Sanosuke accepted a bowl of sake that his wife had gracefully poured for him. "Or a man who can handle her as she is."

"But even the hardest of hearts, unhardened,

suddenly, when he saw her there.

Persephone in her mother's garden.

The sun on her shoulders; the wind in her hair

The smell of the flowers she held in her hand,

and the pollen that fell from her finger tips.

And suddenly Hades was only a man,

with a taste of nectar upon his lips."

"Epic, Pt. 2" Hadestown.

The swordsman wondered if the girl would visit the shrine today. The nice weather had encouraged dozens of pilgrims from all the nearby villages to come admire the flowering fruit trees on the shrine's grounds and taste the wine that the priests had brewed from last year's cherries and plums. And to flirt, of course. Blossom season was the time for flirtation and matchmaking and pilgrimages provided plenty of opportunities for romance to bloom. Would the girl be among the young women lighting incense on the altar to Ōkuninushi or buying amulets of Benten in hopes of finding a husband or lover?

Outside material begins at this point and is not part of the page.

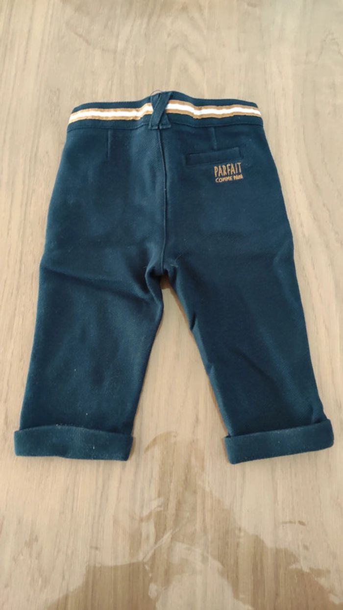 Pantalon classe avec écriture Parfait comme Papa. En très bon état sauf un peu de fil qui s'enlève au niveau du bouton (voir photo) mais qui se rattrape je pense 🙂. Taille 9 mois. ▶️ D'autres articles en 9 mois arrivent bientôt, n'hésitez pas à m'envoyer un message si vous êtes intéressé ! 🙂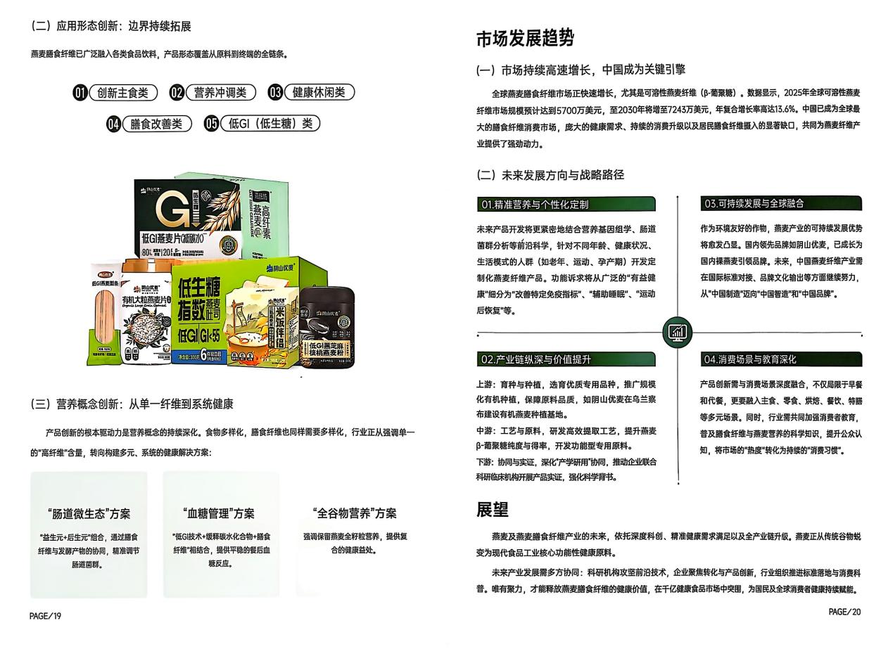 業(yè)界專家認為,《中國燕麥膳食纖維白皮書》的發(fā)布,得益于陰山優(yōu)麥將多年積累的產(chǎn)業(yè)實踐轉(zhuǎn)化為科學(xué)標準與公共知識,白皮書不僅能提升消費者對燕麥營養(yǎng)價值的認知,促進合理消費,也將推動我國營養(yǎng)健康食品產(chǎn)業(yè)的高質(zhì)量發(fā)展。陰山優(yōu)麥也表示,未來將繼續(xù)秉持“幸福農(nóng)民 健康中國”的企業(yè)使命,引領(lǐng)燕麥產(chǎn)業(yè)高質(zhì)量創(chuàng)新發(fā)展。

Not that she would need a kami's help to find one. The swordsman was certainly not the only man who noticed her when she entered through the shrine's torii gates, breathless from a long journey on foot.

The girl pulled a handkerchief from her sleeve and mopped the perspiration from her brow. A bead of sweat rolled down her blooming cheek and down her snowy-white neck before disappearing underneath the neckline of her kimono. She took a long drink from her bamboo bottle, water dribbling onto her bosom.

The swordsman's lips curled into a smile. His pulse quickened and his blood boiled. Would she strip off her wet garments and let him see what was underneath? Oh what would it be like to take her into his arms and press that soft young body to his own? To lay her down in the grass and make her his as cherry blossom petals fell like snow around them.

He splashed his face with water from the shrine's purification spring to banish these lustful thoughts. An honorable man shouldn't ogle respectable young women as if they were prostitutes displayed behind bars in the pleasure district.

And wasn't he supposed to be hopelessly in love with another woman? The woman whose betrayal was said to have turned him into a bloodthirsty monster. If the swordsman was being honest, he rarely thought about Tomoe anymore and he'd never seen the point of fighting to take back a lady who'd left him for another man. But he'd waded into an ocean of blood nonetheless.

Lusting after this girl in front of him made him feel like a man rather than a demon. Promising himself that he would have her someday kept him sane.